テンプレートベースのサーバーレスアプリケーション作成

  1. Lambda コンソースの左側メニューの「アプリケーション」を選択します。
  2. 右上にある「アプリケーションの作成」を押します。
  3. サーバーレスアプリケーションの作成 画面が表示されます。ここで、事前に用意されたテンプレートアプリケーションから開発をスタートできます。どれかを選ぶと、次の画面で、そのテンプレートの内容ががわかります。例えば、Serverless API backend だと、API Gateway、複数の Lambda 関数と DynamoDB、およびそのデプロイのためのパイプラインとして CodeBuild や CodePipeline を使用することが紹介されます。「設定の開始」を押します。
  4. アプリケーションの設定 画面で各種情報を設定できます
    • アプリケーション名: この名前を接頭辞とした関数やテーブル、IAM ロールが作成されます。
    • アプリケーションの説明(オプション)
    • ランタイムの選択:  [注] 2019/11/08 現在 Node.js 10.x のみが選択できます。
    • リポジトリの選択: AWS CodeCommit または GitHub を選択できます。GitHub を選択した場合はアクセスのためのアカウント情報を入力します。
    • アクセス権限: ここにチェックします。これによりアプリケーション内の関数の実行ロールに境界が設定されます。つまり、個々の関数ごとに編集などの権限を個別管理できるようになります(こちらも参照ください)。
  5. 最後に「デプロイ」を押すと、全ての作成処理が開始されます。完了までに数分お待ちください。
  6. 作成処理が終わると、一気にいろんなものが作成されていることが確認できます。
    • リソース
    • CI/CDパイプライン(CodePipelineのコンソールで確認できます)
  7. あわせて、開発環境を設定しておくと今後の継続開発に便利です。Lambda コンソール「アプリケーション」の「コード」タブページに開発用ツールの設定手順のためのリンクがありますので、こちらを参考に設定してください。

    または、「今から始めるサーバーレス」ページの「開発環境(IDE)を選ぶ」なども参照いただけます。

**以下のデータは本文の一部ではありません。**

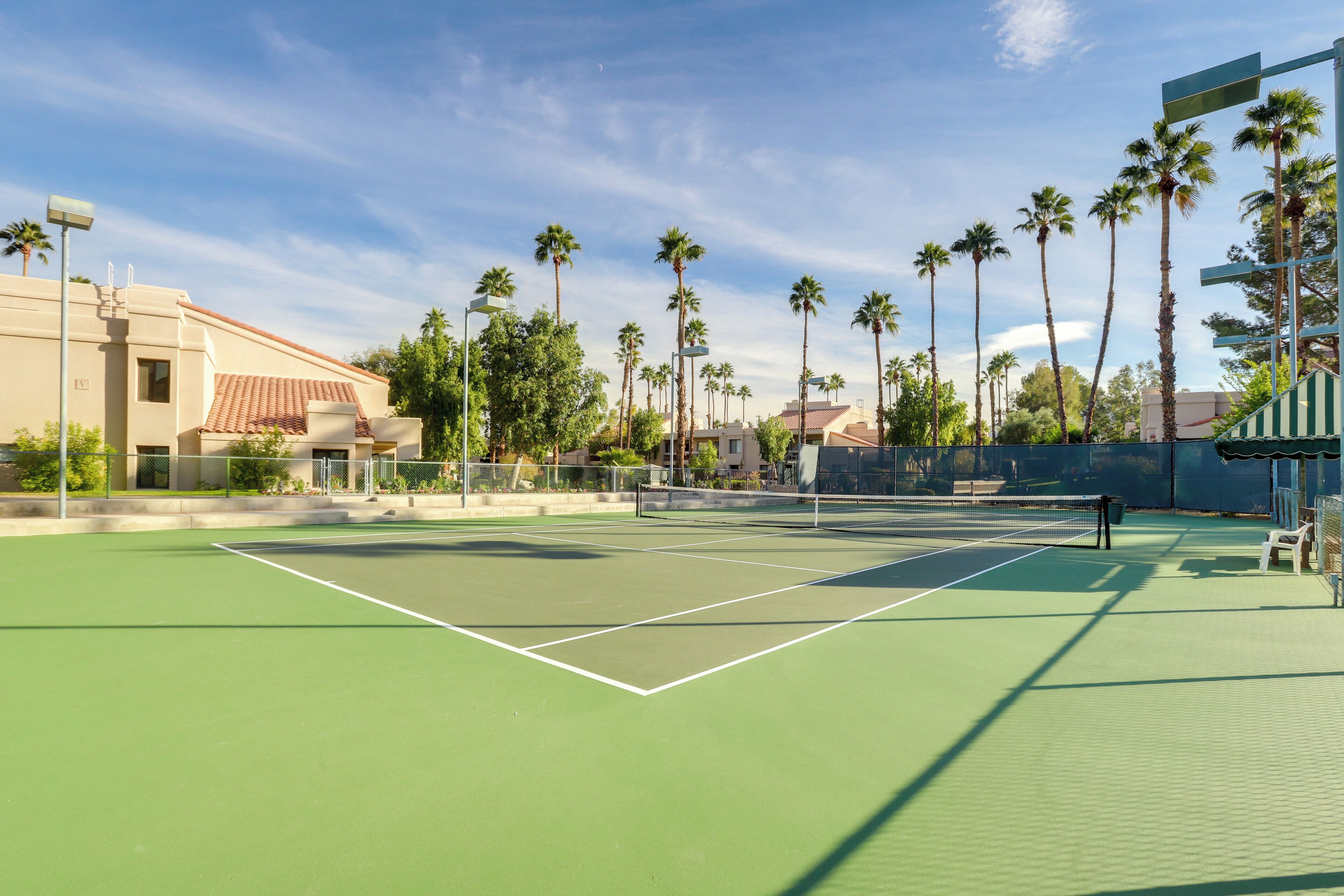 Palm Springs Area Condo w/ Resort Amenities! Turn your desert dreams into reality at this vacation rental in Cathedral City! The 2-bedroom, 2-bath condo has everything you need to feel at ease during your extended stay, including a fully equipped kitchen, in-unit laundry, and a private balcony. You’ll also have access to Canyon Shores amenities. Relax by the outdoor pools, practice your pickleball...
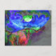Una pintura acuarela con una amapola azul abstracta. Obra original de H. Cooper.
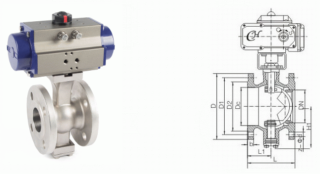 V型氣動(dòng)球閥外形結(jié)構(gòu)圖:
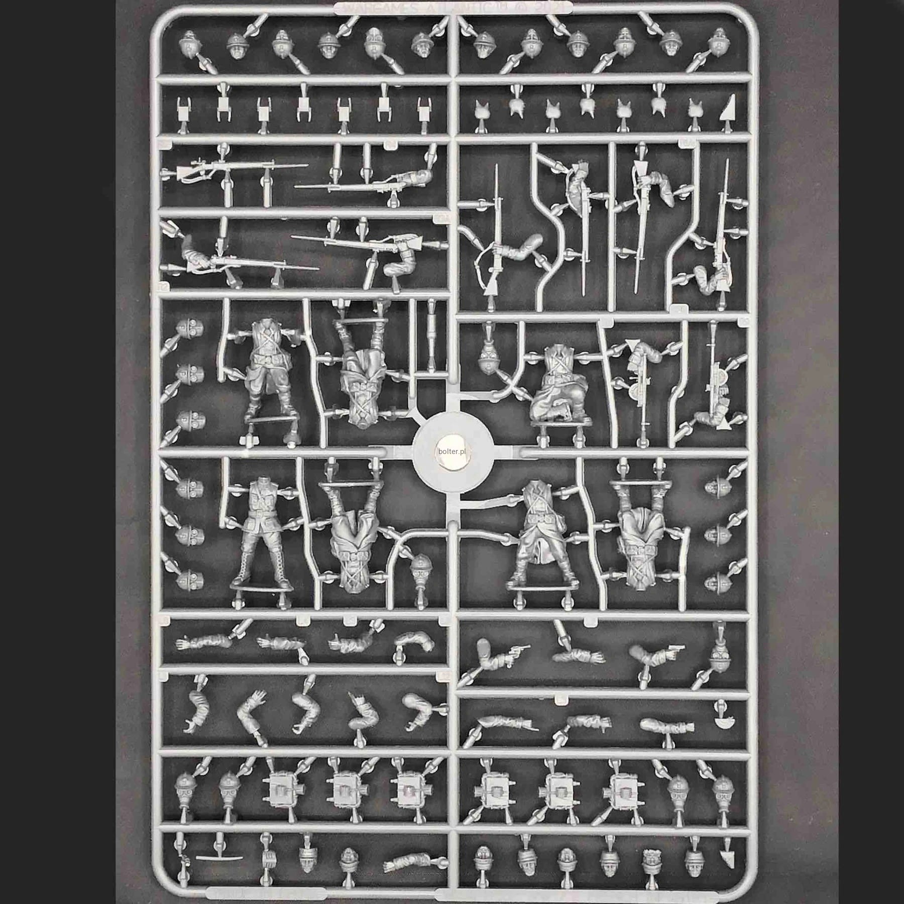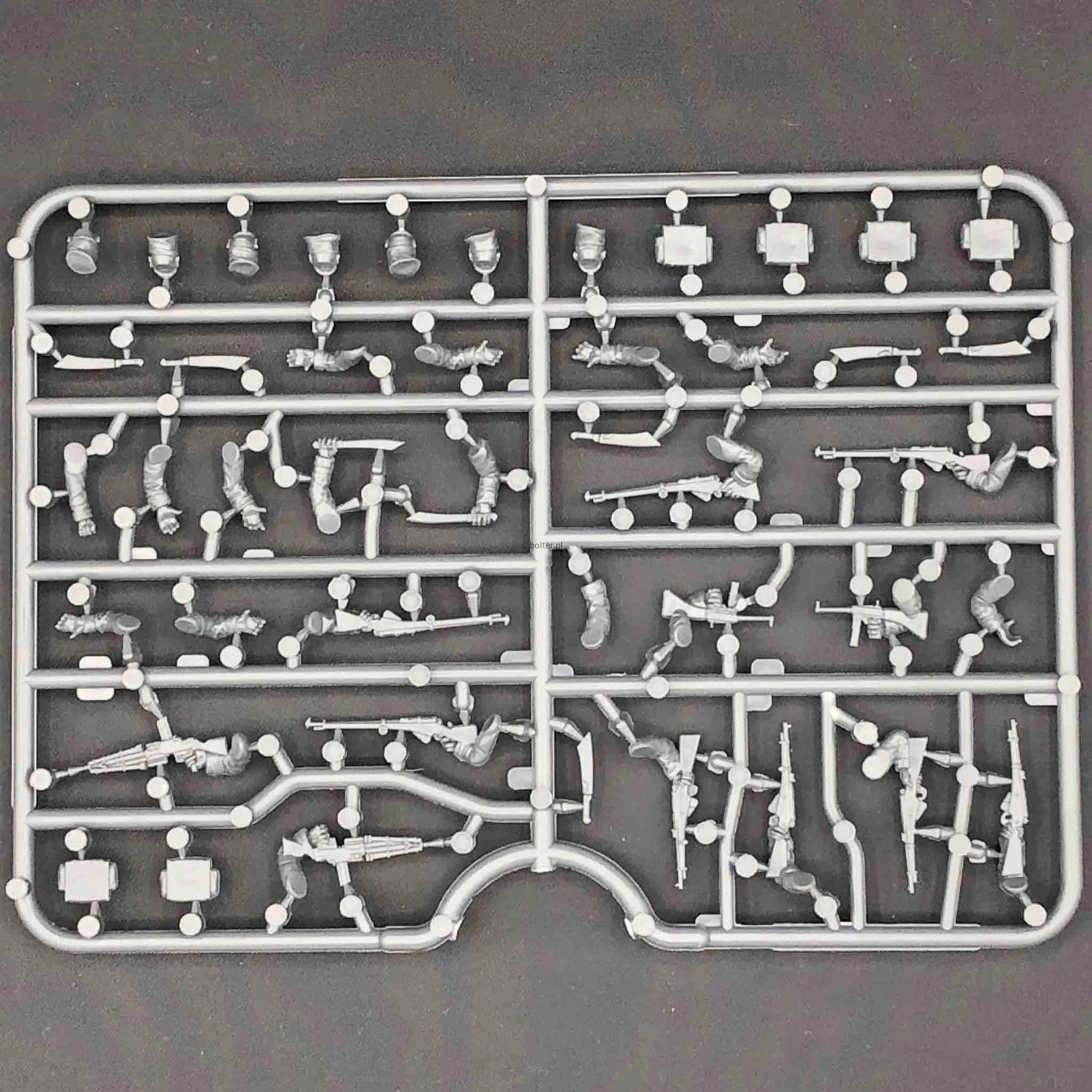 This hard plastic set allows you to build up to 35 French infantry equipped for either World War One or World War Two (with enough of each type of rifle and heads for all figures in the box).

本機能は提供されたばかりですので、テンプレートアプリの種類やランタイムの選択などまだ限定的ですが、この機能を使うことで、典型的なアプリケーションの新規作成時の設定に加えて継続的な開発のための作業も行われるので、特定のフレームワークやCI/CD環境へのこだわりがない新規の開発者にとっては非常に有用かと思います。こちらを試して、円滑なサーバーレスアプリケーション開発を進めてください。

補足

  • この新しいサーバーレスアプリケーション作成機能で用意されているテンプレートのいくつかは、「形で考えるサーバーレス設計」ページの該当するそれぞれのパターンの「テンプレートから始める」リンクからもたどり着けます。
  • この機能で作成されたテンプレートベースのアプリケーションおよび CI/CD パイプラインを使って開発環境でコード編集する手順の記事も用意しました。興味のある方はこちらも参照ください。